Откуда доносился этот шепот, было не понять; что его породило оставалось необъясни-мым; кто перешептывался с кем и перешептывался ли природа оберегала от посторонних... Но с дотошностью ученого, с упрямством муравья, с сердцебиением приговоренного доктор все же собирал каждый листок, отлетевший от щелестящего древа жизни, каждый листок, уже былой, неповторимый, прошлый, и складывал их один к одному просто так, бесцельно, не зная, куда он впоследствии приспособит эту пеструю, засохшую, неживую коллекцию: капитан Берг, плачущий по убитому Тетенборну; Тетенборн, стоящий на коленях перед Аделью; Адель, выводящая этого Мятлева на первую прогулку; этот Мятлев, пытающийся сквозь свои очки ослепить взглядом милосердную сестру Игнатьеву; и, наконец, Игнатьева, посылающая таинственные сигналы этому солдатику из несчастных; и, наконец, снова капитан Берг, спасающий милосердную сестру от посягательств пьяного насильника!
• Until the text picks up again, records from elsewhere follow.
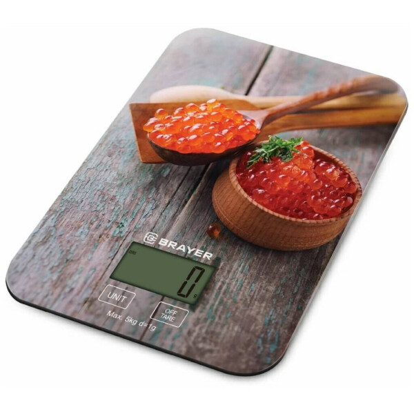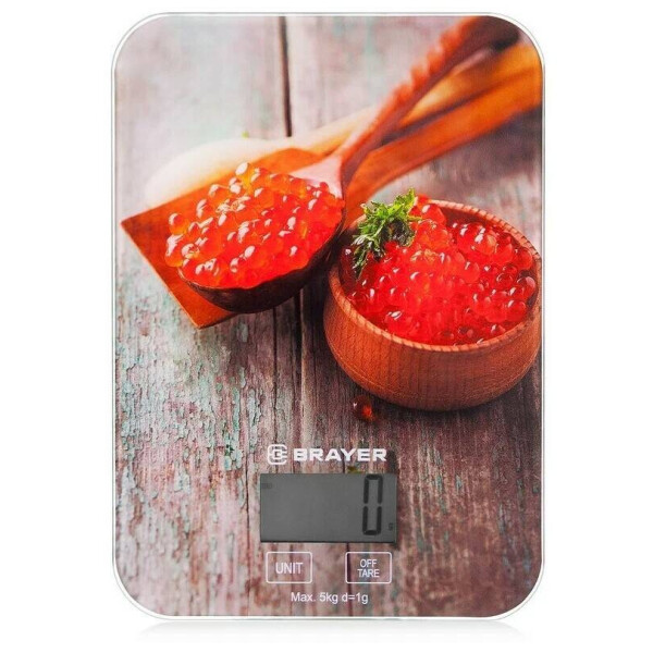 Весы кухонные Brayer BR1800 электронная модель с эффектным дизайном. Платформа весов изготовлена из стекла, а корпус из пластика. Удобное управление с помощью крупных сенсорных кнопок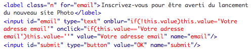 Vous noterez au passage la délicieuse intrusion de code JavaScript en ligne directement dans l'input
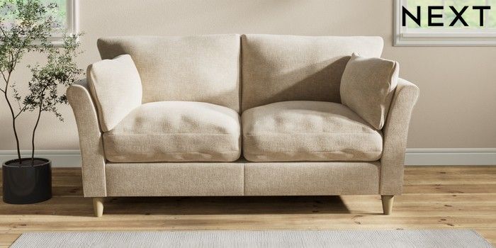 7.2.10 Buy Hartley Relaxed Sit 3 Seater Small Sofa Chunky Weave Cream Low Conical - Light from the Next UK online shop Click here to use our accessible website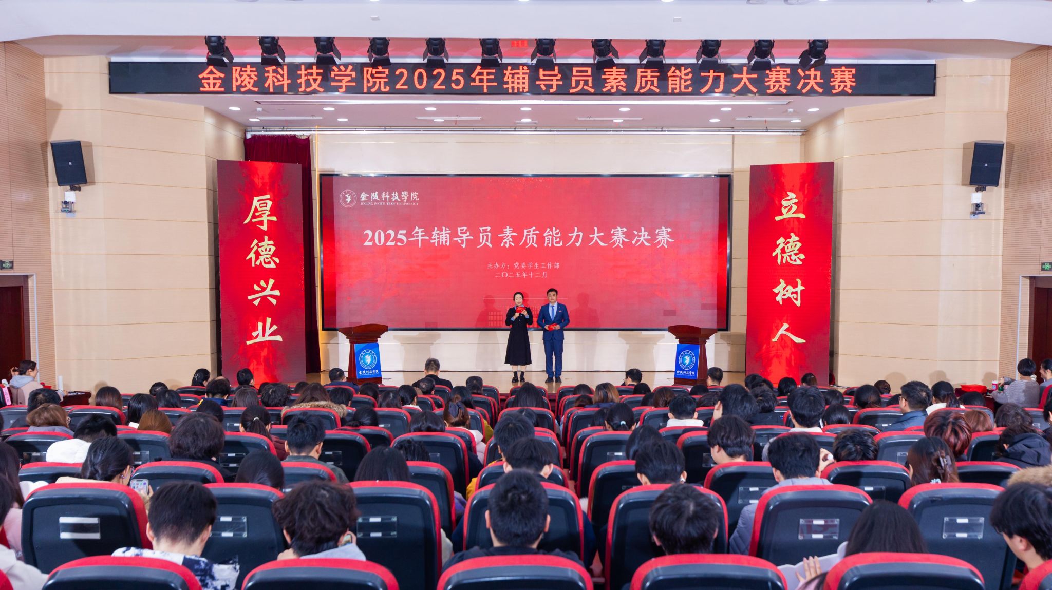 12月17日下午,beat3652025年辅导员素质能力大赛决赛在江宁校区科技楼报告厅举行。校党委副书记单晓峰出席活动,南京晓庄学院党委学生工作部部长吴鑫、三江学院党委学生工作部部长周学军、南京师范大学党委学生工作部副部长汪育文应邀担任大赛评委。学校相关职能部门负责人,各二级学院学生工作书记、副书记,辅导员及学生亲友团到场观摩比赛。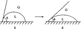 Из уравнения следует, что растекание жидкости по поверхности твердого тела можно усилить двумя способами. Введение поверхностно-активных веществ может приводить к уменьшению как поверхностного натяжения ylg> так и межфазного натяжения между твердым телом и каплей Ysl, что проиллюстрировано на рис. 5.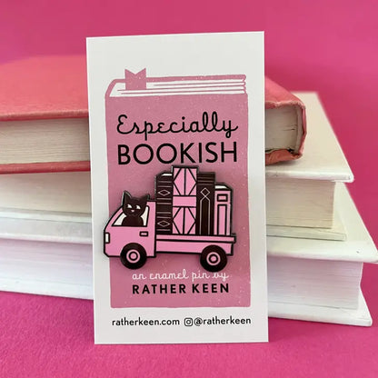 Based on the mini mid-century Japanese kei trucks. Naturally, the driver is a bookshop cat. 1.5 inch wide (38 mm), hard enamel pin. Black rubber clasp.

Шел дождь пополам со снегом, и уныние в природе было невыносимым. И комендант крепости говорил ему усталым шепотом такое, что доктора сотрясала дрожь... да может ли это быть?.. Эту Игнатьеву разыскивают как преступницу! Так ведь капитан Берг сам лично... А патриотические чувства?.. Уже прибыли из Петербурга ее арестовать?! А скорая свадьба?.. Что же это такое?! И перед глазами доктора проносилась его глупая жизнь, проспиртованная, постылая, в которой все было плачевно и шатко, и даже это унизительное чаепитие с милосерд-ной сестрой Игнатьевой, когда она направляла на него своей худенькой ручкой тяжелый пистолет... И эти тихие, шелестящие голоса, предупреждающие его, предостерегающие, и, наконец, подсмотренное им там, в палате, однажды, что может только присниться, чего не может, не должно было быть в этой дикой, грязной передовой крепости...
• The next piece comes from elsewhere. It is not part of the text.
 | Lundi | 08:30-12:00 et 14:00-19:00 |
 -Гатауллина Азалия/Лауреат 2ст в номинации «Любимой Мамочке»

"Уехать! - подумал он, бредя от коменданта к госпиталю.- К чертовой матери! Пусть оно все как оно само хочет, само, само... без моего участия!.."

И вот тут-то и подошла к нему милосердная сестра Игнатьева и спросила, сверля его холодными (для него холодными!) глазами, когда, мол, можно вставать этому несчастному... И он ответил, едва сдерживаясь, чтоб не закричать, что, мол, когда нужно будет, тогда и встанет, или что-то в этом роде. Она покорно кивнула и хотела было отойти, но он ее остановил.

- Послушайте,- прошипел он, задыхаясь, подойдя к ней вплотную,- мне нужно... я должен вам сказать... впрочем, это можно у меня дома... по пути... Скорее!..

- Хорошо,- покорно согласилась она и усмехнулась при этом.

- Да вы не думайте ничего такого...- рассердился он,- скорее, идемте! Еще усмехается! - И с ужасом подумал: "Бедная, бедная..."

Она успела захватить с собой свою холщовую сумочку и они отправились. "Вот дура! - подумал доктор.- Разве эта штучка может спасти? Вот дура!.." Он посмотрел на нее: она была бледна, но шла легко, не отставая.

- Ну, говорите! - крикнула она.

- Скорее, скорее,- хрипел он,- потом, там... я ведь не на чай вас зову... Потом, потом, деточка...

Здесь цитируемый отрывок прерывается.